I also set the table to autogrow (by 10%) so it doesnt constantly grow in 1MB steps.
Recovery model is set to simple to keep the logfile small.
I also checked the query plan and no table scans are done, but the query plan looks very complex (for a fairly simple merge).
The most expensive items are those 3: "Table spool", "RID Lookup" and "Index Seek".
Its running on a failry beefy machine (3GHz, 8GB mem).
Am I doing something fundamentally wrong or do I have to simply accept that SQL becomes very slow at this size? (I rather believe its the former).
I mean adding 500k new rows to a 60m rows table shouldnt take 11 minutes, its only 60mb of data to add.
Any ideas?
I look forward to your responses
ZL
January 14, 2011 at 7:35 am
I would take a look at your execution plans from the merge statement. Something is causing this to slow down. You're working in a very small database, so you shouldn't be seeing this much performance issues. Also, those indexes sound a bit big. Do you have clustered indexes on the table(s) in question?

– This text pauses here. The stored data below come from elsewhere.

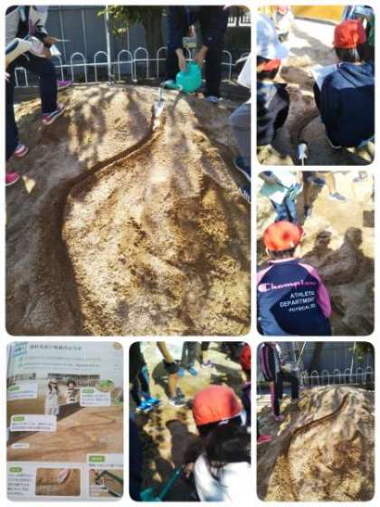 5年生の理科の授業です。「流れる水のはたらきと土地の変化の関係」について調べます。今日は南運動場の土山の上からじょうろで水を流し、地面の変化を調べました。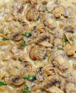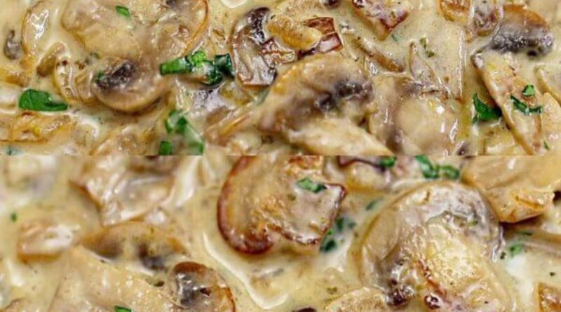 200 g ciuperci proaspete (șampinioni), jumătate de ceapă, puțin ulei vegetal pentru prăjit + 10 g unt, 150 ml supă sau apă, 100 g smântână lichidă neutru, puțină oregano, sare și piper negru după gust, 15 g parmezan ras, 1 cățel de usturoi și pătrunjel proaspăt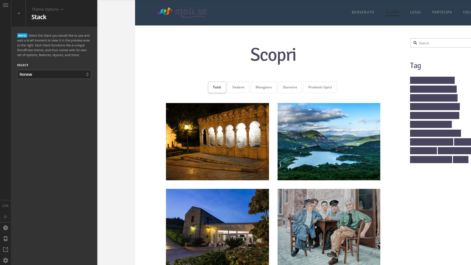Now I have title into the page (https://moli.se/wp4/scopri/ “scopri”), I will love tile whith Landmark Style.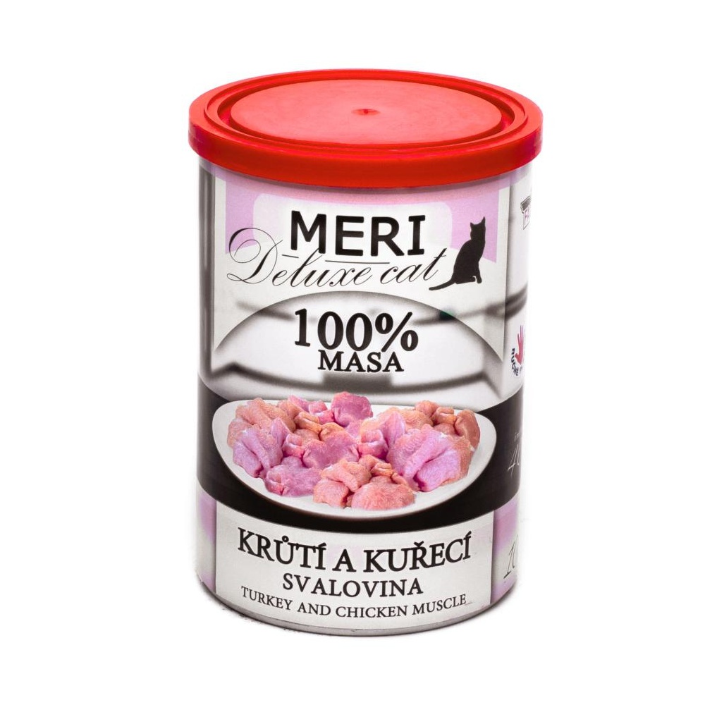 - MERI Deluxe Cat krůtí a kuřecí svalovina, konzerva 400 g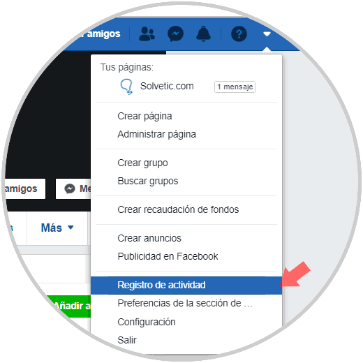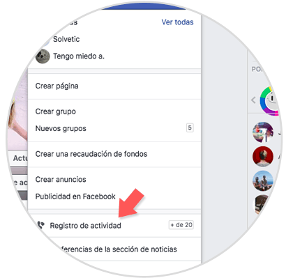 Una vez lo hagas, se va a desplegar una ventana con varias opciones, pulsa en "Registro de actividad".

It's hard to say more without seeing the structure, the code, and the execution plans for myself.
"The credit belongs to the man who is actually in the arena, whose face is marred by dust and sweat and blood"
- Theodore Roosevelt
Author of:
SQL Server Execution Plans
SQL Server Query Performance Tuning
January 14, 2011 at 8:07 am
zerolan22 (1/14/2011)
To all you DB/SQL experts out there - I hope you can shed some light on my problems.
It sounds from your description as if it may be indexes causing the problem on INSERTs because they ALL need to be updated during the insert of new rows.

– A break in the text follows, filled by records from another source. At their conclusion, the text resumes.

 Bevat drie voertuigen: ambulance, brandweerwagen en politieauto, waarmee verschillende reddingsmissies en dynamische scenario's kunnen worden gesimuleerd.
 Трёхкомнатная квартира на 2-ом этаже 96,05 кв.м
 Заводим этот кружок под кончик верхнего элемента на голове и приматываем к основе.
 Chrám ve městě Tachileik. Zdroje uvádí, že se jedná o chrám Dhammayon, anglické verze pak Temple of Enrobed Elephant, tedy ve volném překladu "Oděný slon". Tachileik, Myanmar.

But, I'm just guessing because we don't have enough information. Take a look at the second link in my signature line below. If you can provide information in that fashion, we'll likely be able to help more. 🙂
--Jeff Moden
Change is inevitable... Change for the better is not.

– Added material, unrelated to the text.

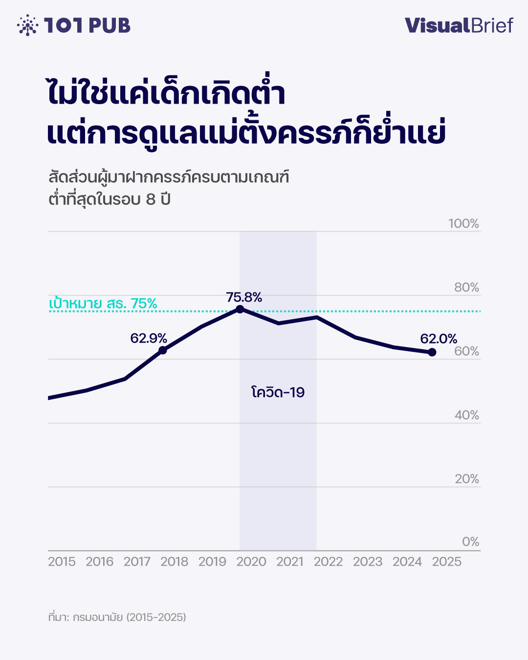 ปี 2025 ไทยมีคนเกิดน้อยกว่าคนตายติดต่อกันเป็นปีที่ 5 จัดอยู่ในกลุ่มประเทศที่มีอัตราเจริญพันธ์ต่ำที่สุดในโลก แต่สิ่งที่น่ากังวลยิ่งกว่าจำนวนเด็กเกิดใหม่ที่ลดน้อยถอยลงทุกปี คือคุณภาพของการตั้งครรภ์ก็ย่ำแย่ลงด้วย เห็นได้จากอัตราการเข้ารับฝากครรภ์ครบตามเกณฑ์ที่ลดลงเหลือเพียง 62.0% ของแม่ตั้งครรภ์ทั้งหมด ซึ่งถือว่าต่ำที่สุดในรอบ 8 ปี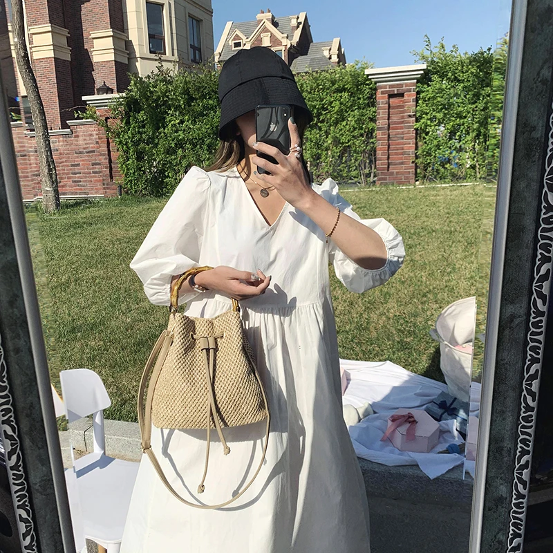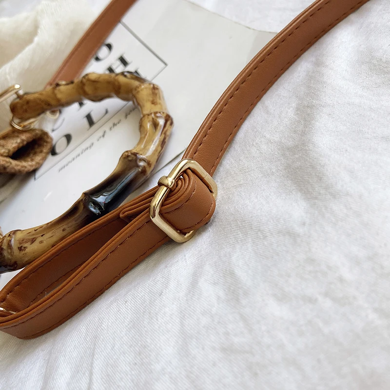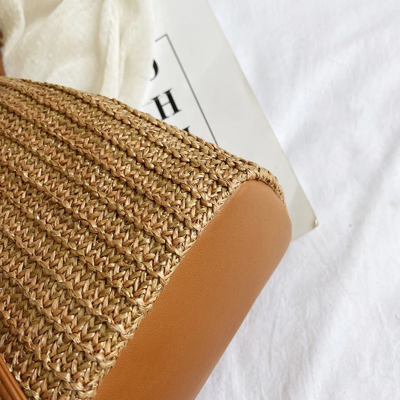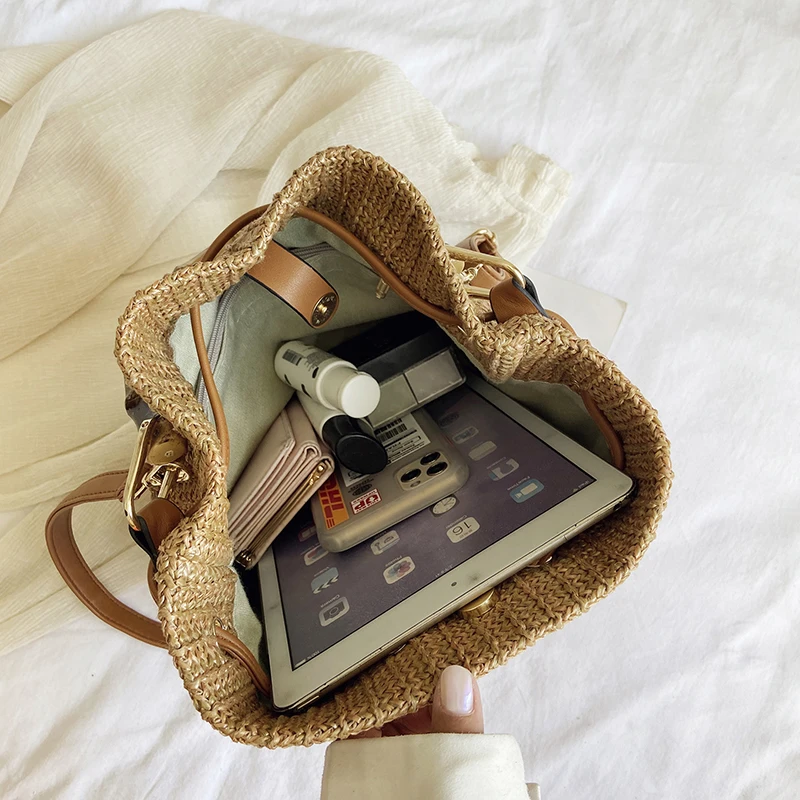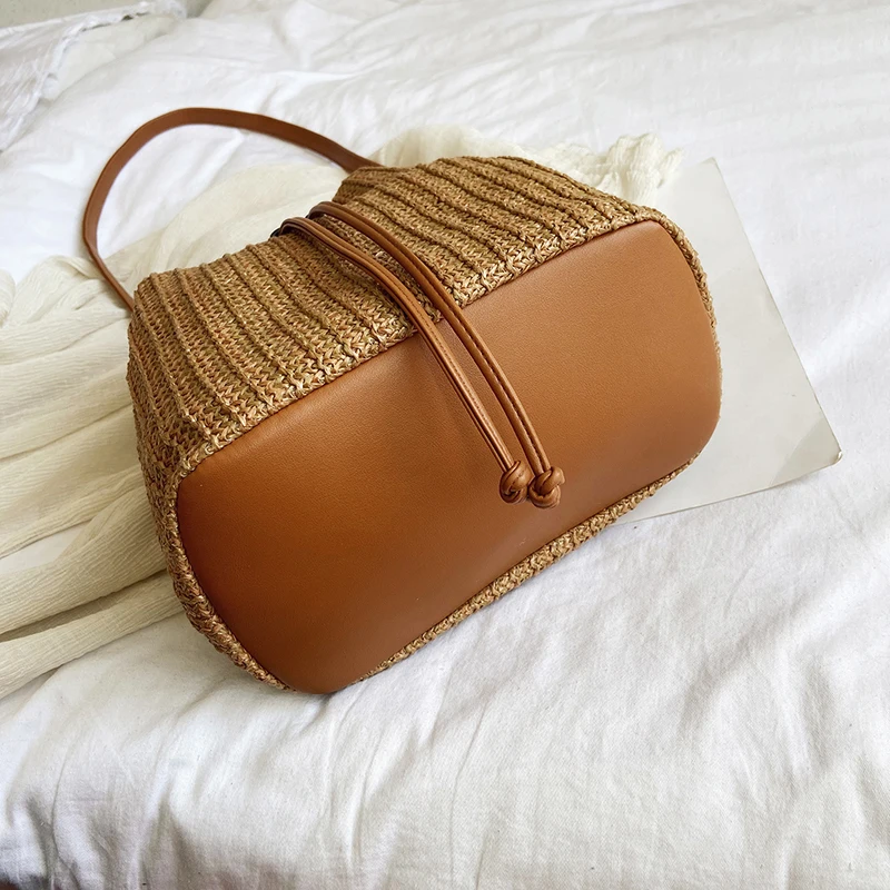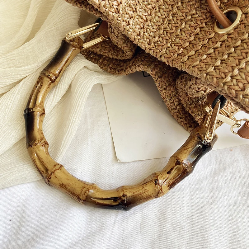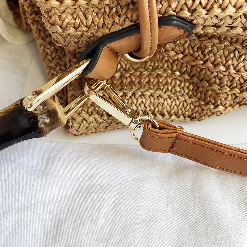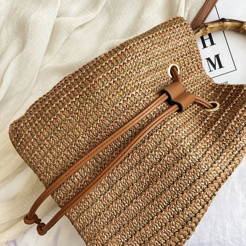 المرأة حقيبة الخيزران مقبض دلو حقيبة موضة المرأة حقيبة القش المنسوجة الكورية موضة حقيبة الكتف عادية الإناث Crossbody رسول

January 14, 2011 at 9:14 am
Hey Guys,
Thank you for replying.
I shall try to get all information together you asked for.
Target (large table) definition: 10 columns, int, int, datetime, datetime, varchar(1024), varchar(512), bigint, bigint, bigint, bigint
unique non-clustered index on 2 of the bigints columns (combined into one index, ascending)
Input table is a temporary table which is loaded via bulk insert operation on a 64MB csv style file.
this is quite quick 1-3 seconds and results in about 500.000 rows in the temp table.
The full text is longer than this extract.